El conflicto surgido en Hong Kong ofrece a los hipotéticos rivales internos de Xi una clara oportunidad de desacreditar su estilo de gobierno. Su obra sobre el modelo de gobernanza y administración de China, que ya va por el tercer tomo y fue traducida a varias decenas de idiomas (más que las obras de Mao), no parece contemplar fórmulas mágicas para revertir la situación en la región autónoma, señalan irónicamente sus críticos. Desde esta perspectiva, Hong Kong puede convertirse en una trampa para Xi si su incapacidad para resolver eficazmente la crisis puede ser instrumentalizada para azuzar y cuestionar la infalibilidad de su liderazgo.

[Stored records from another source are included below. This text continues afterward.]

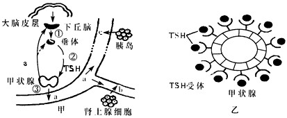 3、连线题 下图所示的调节过程是人体稳态的重要组成部分。甲图中①②③分别代表下丘脑、垂体及甲状腺进行的生理活动过程,a、b、c分别代表图中所示的三种内分泌腺所分泌的激素。乙图表示垂体所分泌的促甲状腺激素(TSH)作用于甲状腺的示意图。请据图回答下列问题:
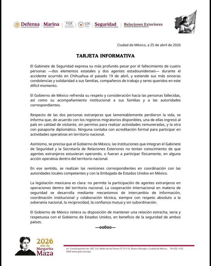 El Gabinete de Seguridad reportó el fallecimiento de cuatro personas, dos elementos estatales y dos agentes estadounidenses, tras un accidente ocurrido en Chihuahua el 19 de abril.
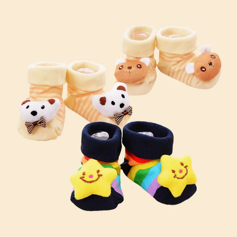 Comprar 1/3 pares de calcetines de suelo para recién nacidos, calcetines antideslizantes de algodón para niños pequeños, calcetines suaves con dibujos de animales, calcetines para primeros pasos para bebés y niñas, nuevos

La utilización de conflictos políticos y de movimientos sociales en las maniobras palaciegas goza también de larga tradición en China. Sin ir más lejos, cuando en 2009, Hu Jintao debió afrontar la gravísima matanza ocurrida en Xinjiang (184 muertos y casi mil heridos), Zhou Yongkang, entonces responsable de seguridad en el máximo sanedrín del PCCh, fue señalado como muñidor entre bambalinas de la intriga. Bajo Xi, Zhou fue condenado a cadena perpetua por corrupción en un juicio que evidenció hasta qué punto la criminalidad más soez pudo alcanzar la cúpula del poder chino. Y en cuanto al uso político de movimientos de masas, la propia Revolución Cultural, desatada por Mao para arrebatar el mando a sus rivales y destruirlos, es cabal ejemplo de ello.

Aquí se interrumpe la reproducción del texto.